Kalau keduanya sudah mampus, giliranmu akan kuhajar sampai
bangkaimu hanya tinggal tulang dan daging tak berbentuk!”
“Ah, mauku kau mampus di tanganku Pangeran. Tapi buat apa
bercapai tangan kalau ada yang lebih mampu melakukannya. Aku
hanya tinggal menonton saja! Ha… ha… ha!”
“Keparat kau, Pendekar 212! Kau tunggu giliranmu! Jangan kabur
dari sini!”
Sehabis mendamprat begitu Pangeran Matahari langsung
melompat turun ke halaman Keratota kecil. Gerakannya sebat kedua
kakinya menyentuh tanah tanpa mengeluarkan suara sedikitpun. Begitu
berhadapan dengan Mararanta Tangkario, Pangeran Matahari langsung
menyapu orang itu dengan pandangan mata tajam dan ketika melihat
bagaimana disiang bolong itu kedua kaki Mararanta Tangkario sama
sekali tidak menginjak tanah, berdesirlah darah Pangeran Matahari.

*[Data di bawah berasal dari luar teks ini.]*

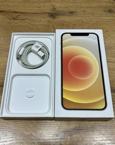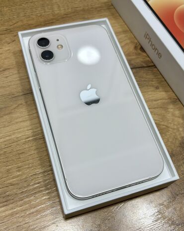 IPhone 12, Б/у, 128 ГБ, Белый, Кабель, Коробка, Чехол, 100 %
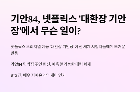“기안84, 넷플릭스에서 민박집 사장이 되다”
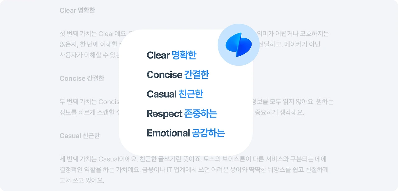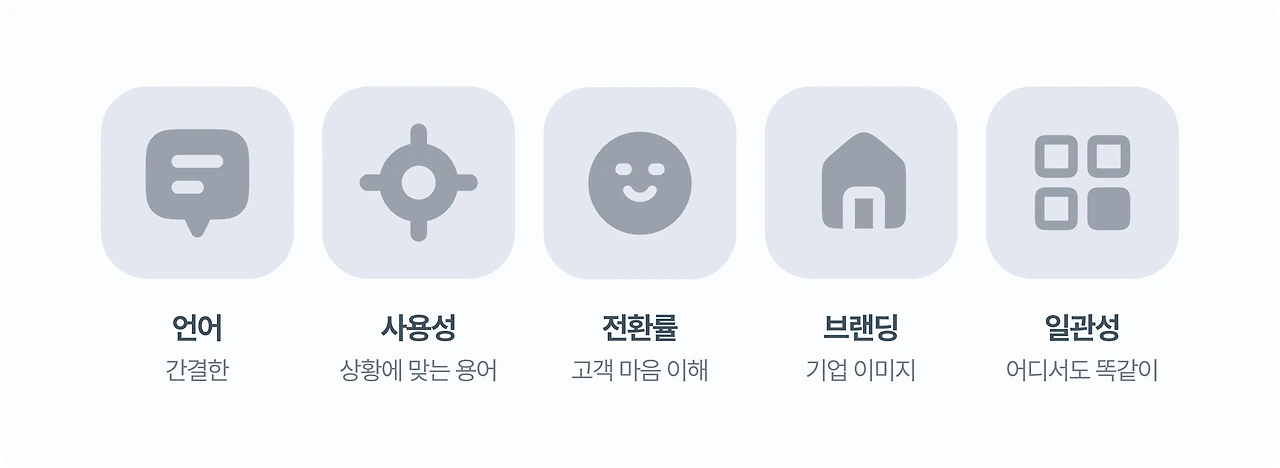 UX 라이팅(User eXperience Writing)은 사용자 경험을 기반으로 한 글쓰기로, 서비스의 사용성을 높이고 브랜드 경험을 최적화하는 작업입니다. 전통적인 카피라이팅이 제품을 구매하도록 설득하거나 홍보하는 데 초점을 맞춘다면, UX 라이팅은 제품과 사용자가 원활하게 상호작용(Interaction)할 수 있도록 돕는 것이 핵심이죠. 좋은 UX 라이팅은 다음 다섯 가지 요소가 조화롭게 갖춰졌을 때 읽기 쉽고, 호감이 가며, 사용자에게 편안한 경험을 제공합니다.

“Jadi benar yang kulihat ini bukan manusia!”
“Pa… nge… ran… Ma… ta… ha… ri! Kau… ber… ha… sil… mem…
bu… nuh… ku… se… ca… ra… ke… ji… pe… nge… cut… Si… ang… i…
ni… a… ku… da… tang… un… tuk… me… ngam… bil… nya… wa… mu”
Mayat Hidup Gunung Klabat langsung membuka mulut begitu melihat
Pangeran Matahari berada di hadapannya.
Sang Pangeran tentu saja tercekat ketika mendengar suara orang
itu. Aneh mengerikan. Tapi kecongkakannya masih bisa membuatnya
ajukan pertanyaan.
“Katakan dulu kau ini benar mayat hidup yang gentayangan
untuk menuntut balas…?”
“Kau… ti… dak… bu… ta… Ke… ja… ha… tan… mu… sa… ngat…
ke… ji… Kau… men… cu… lik… is… tri… ku… mem… per… ko… sa…
nya…”
“Lalu apakah saat ini kau datang untuk mengantarkan istrimu,
menyuguhkannya padaku? Ha… ha…! Aku tidak perlu lagi perempuan
busuk itu Mararanta! Nikmatilah sendiri olehmu!”
“Ma… nu… sia… dur… ja… na… ber… da… rah… bi… na… tang…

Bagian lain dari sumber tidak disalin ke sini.